Truffa ai danni dello Stato: arrestato l’ex sindaco di Santo Stefano Roero assieme alla segretaria e a due tecnici

I conti non quadrano neppure nell’Unione Roero, tartufo e Arneis?

SANTO STEFANO ROERO Le manette sono scattate questa mattina (martedì 29 giugno) per Renato Maiolo: l’ex primo cittadino è accusato, assieme alla compagna Anna De Napoli, Segretario del centro roerino, di Dogliani, Priocca, Rodello, Belvedere Langhe e Montaldo Roero e, fino al 2019, di Vezza d’Alba, di truffa aggravata ai danni dello stato, falso morale e materiale in atti pubblici e turbativa d’asta. All’ex amministratore, in carica fino al 2019, eletto vicesindaco nella giunta guidata fino alle dimissioni, nel settembre 2020, da Giuseppe Costa, sono contestati anche i reati di peculato, minacce e porto abusivo d’armi.

Le indagini, condotte dalla Guardia di finanza di Cuneo (denominate operazione Feudo) e coordinate dal sostituto procuratore di Asti Davide Lucignani, erano iniziate in seguito all’accertamento da parte della Corte dei conti di Torino, di un passivo da un milione e 300mila euro per le casse comunali, che si era risolto con il commissariamento dell’Ente, affidato al viceprefetto Lorella Masoero dallo scorso settembre.
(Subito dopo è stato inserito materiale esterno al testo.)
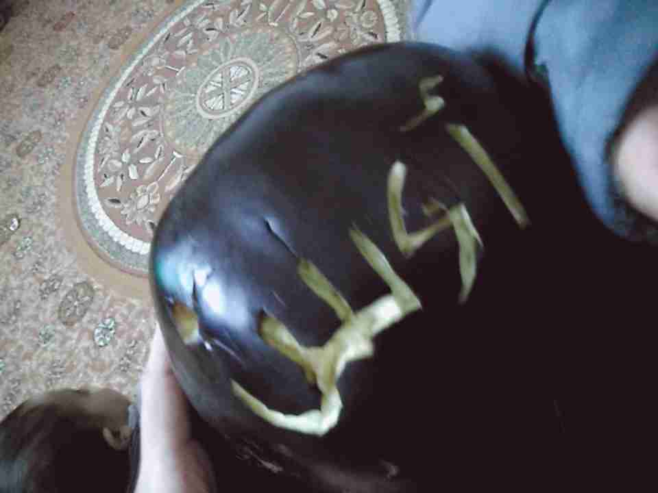نقشر الباذنجان ونقليه ثم نقوم بوضعه ع فاين ليتصفى الزيت

Ricostruendo le cause del passivo le Fiamme gialle hanno documentato un sistema fraudolento, messo a punto dall’ex sindaco e dalla compagna, assieme a due professionisti, un geometra e un architetto anch’essi raggiunti da ordinanze di custodia cautelare, per richiedere e indirizzare i finanziamenti pubblici ricevuti dall’ente (quindici milioni di euro negli ultimi quindici anni) verso opere pubbliche inutilizzate la cui progettazione, con importi talora gonfiati, veniva affidata agli stessi tecnici compiacenti.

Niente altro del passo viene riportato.